Now, however, Dhallan and his colleagues had extracted fetal DNA from blood samples of pregnant women and examined them for chromosomal abnormalities “by analysing an array of single nucleotide polymorphisms (SNPs, pronounced “snips”)—tiny variations in the DNA sequence of individuals. The researchers established the ratio of SNPs on different chromosomes, which enabled them to determine whether the fetus had chromosomal abnormalities. Of the 60 samples tested, the technique identified the number of chromosomes correctly in 58, including two cases of trisomy 21. Although one case of trisomy 21 was not identified, and one normal sample was incorrectly identified as being trisomy 21, the researchers stress that this is a preliminary study, and that further trials are needed to fine tune the technique.” The Lancet article was followed by a letter in which Dhallan replied to critics questioning the value of the procedure. The Washington Post and Los Angeles Times reported on Dhallan's innovation in February 2007.

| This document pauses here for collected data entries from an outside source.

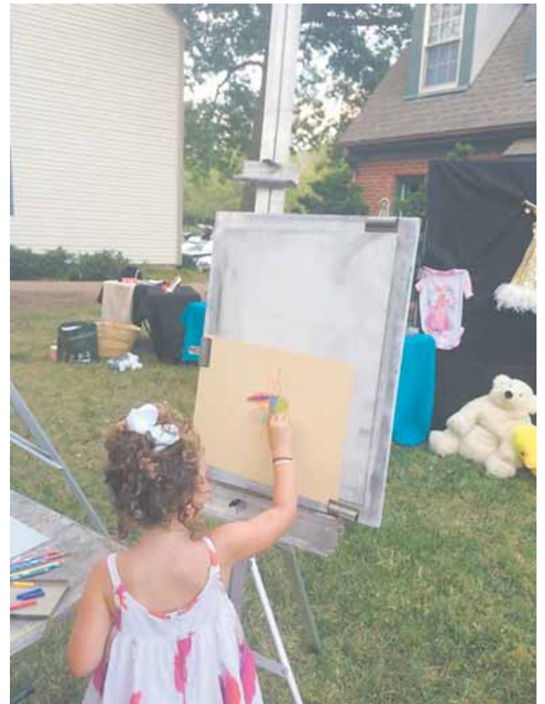
Children had the opportunity to draw using artist easels and art materials.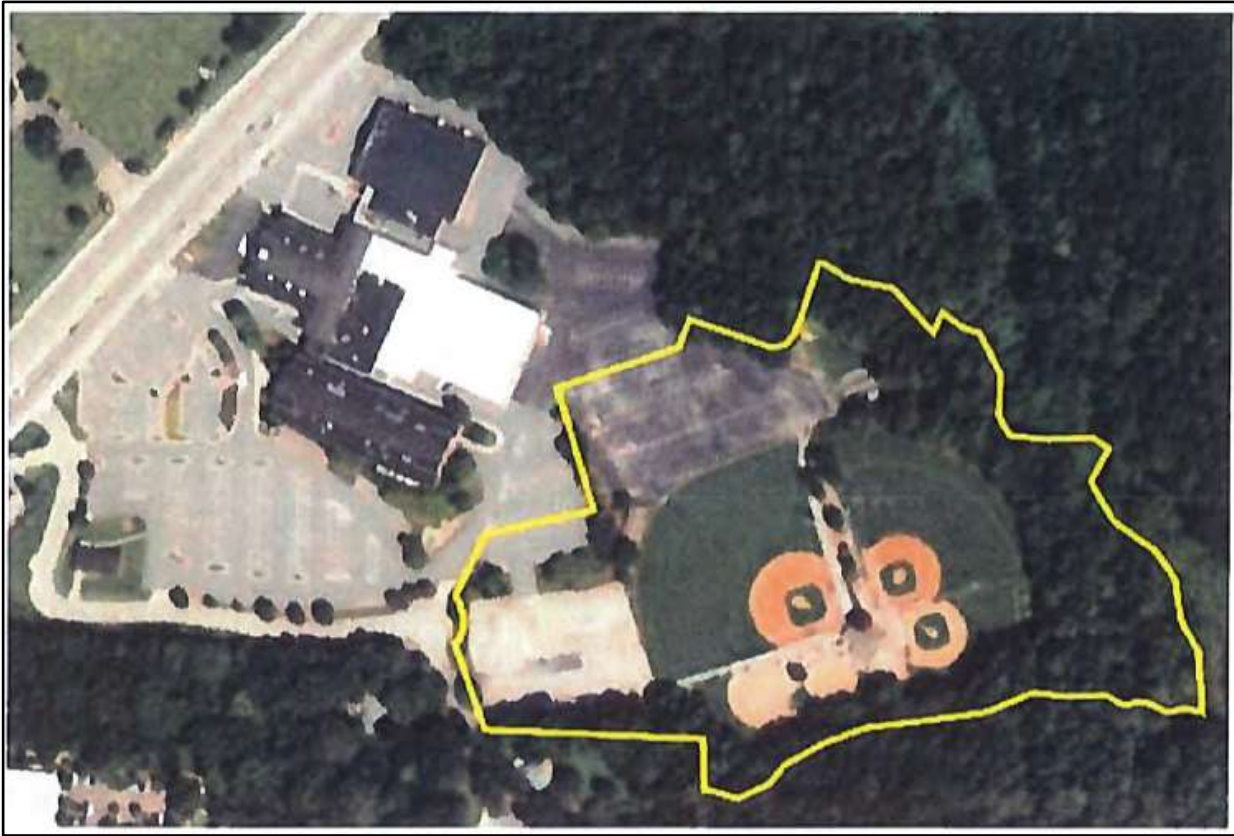
Figure 3: Boundary of proposed area for rezoning.

The proposed land use amendments are only for the rear of the property, as described in the legal description and illustrated in the image below. The total property at 2997 Lawrenceville Highway is \pm 24.20 acres, however, only \pm 12.2 acres are a part of these land use requests.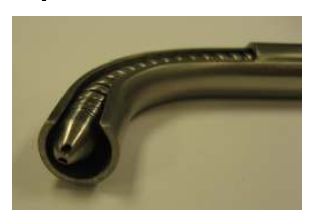
Figure 2 – GT1200-501 Transducer

Transducers - Davidson fiber optic pressure pulsation transducers are designed for installation through the "top hat" where the existing acoustic waveguides are located. The transducer design allows the sensor to be positioned flush with the combustion liner at the end of the existing acoustic waveguide.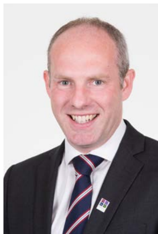
Alistair Burt Minister for Community and Social Care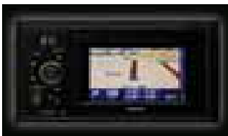
FOLLOWME SOUND & NAVIGATION SYSTEM* – INCLUDES BLUETOOTH™** HANDSFREE COMMUNICATIONS, VIDEO, USB, IPOD®*, MP3 & (OPTIONAL) REAR VIEW CAMERA* COMPATIBILITY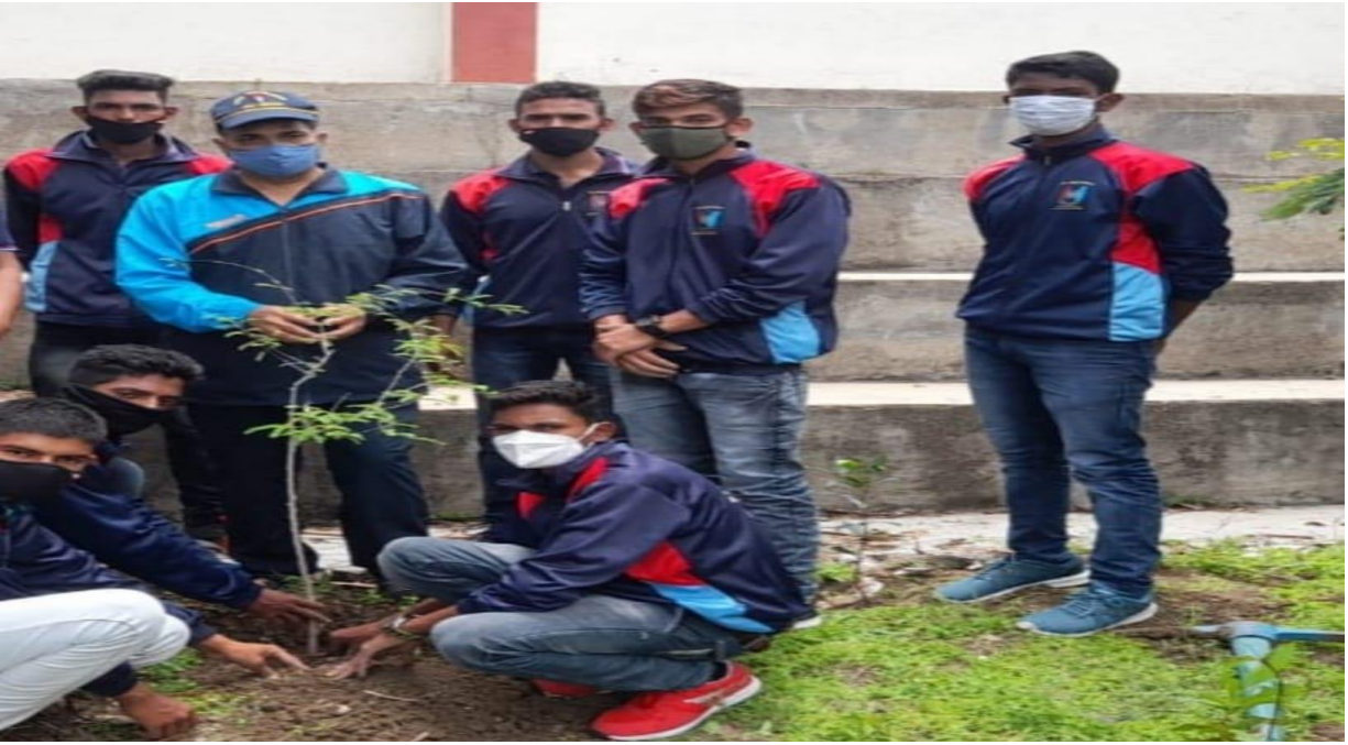
Tree Plantation by N.C.C. Officers and Cadets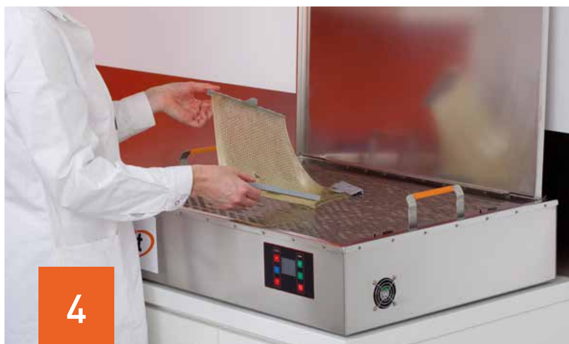
4 Remove the precut mask from the water bath.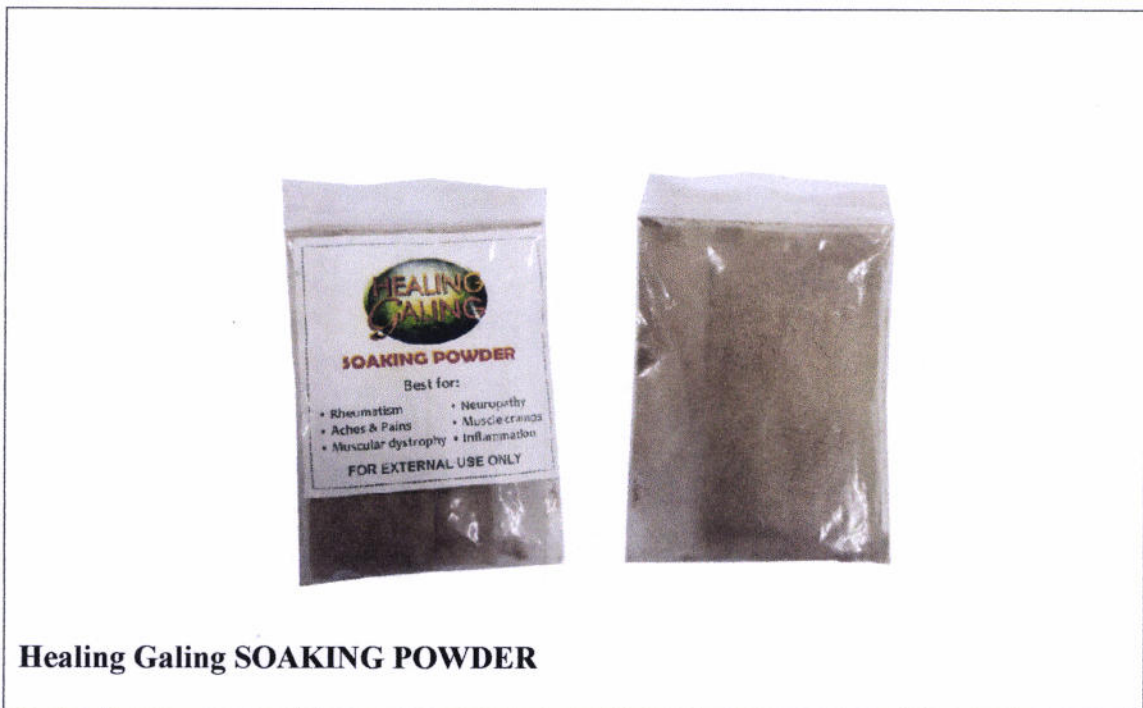
Healing Galing SOAKING POWDER

The Food and Drug Administration (FDA) advises the public against the purchase and use of the unregistered drug product:

Ravgen has developed a new paternity test, described in a 2012 letter by Dhallan and several of his colleagues at Ravgen that was published in the New England Journal of Medicine (NEJM. 2012; 366:1743-1745). In the letter, entitled “A Non-Invasive Test to Determine Paternity in Pregnancy,” Dhallan and his team wrote that their “approach shows that noninvasive prenatal paternity testing can be performed within the first trimester with the use of a maternal blood sample.” A June 2012 New York Times article discussed Raygen's new paternity test, noting that it had been used to establish a motive in a 2008 murder case in Lancaster County, Pennsylvania. Another 2012 article quoted Dhallan as saying, “It's not knowing who the father is that makes a pregnancy challenging and stressful for the mother....Knowing who the father is allows them to make informed decisions about their pregnancies. We've found it can be done very simply and eventually, inexpensively.” He added that “A quarter of women tell me straight up that my answer will impact whether they keep the pregnancy....By the time I did four cases, we had saved one baby. To me, every case is about life and death.”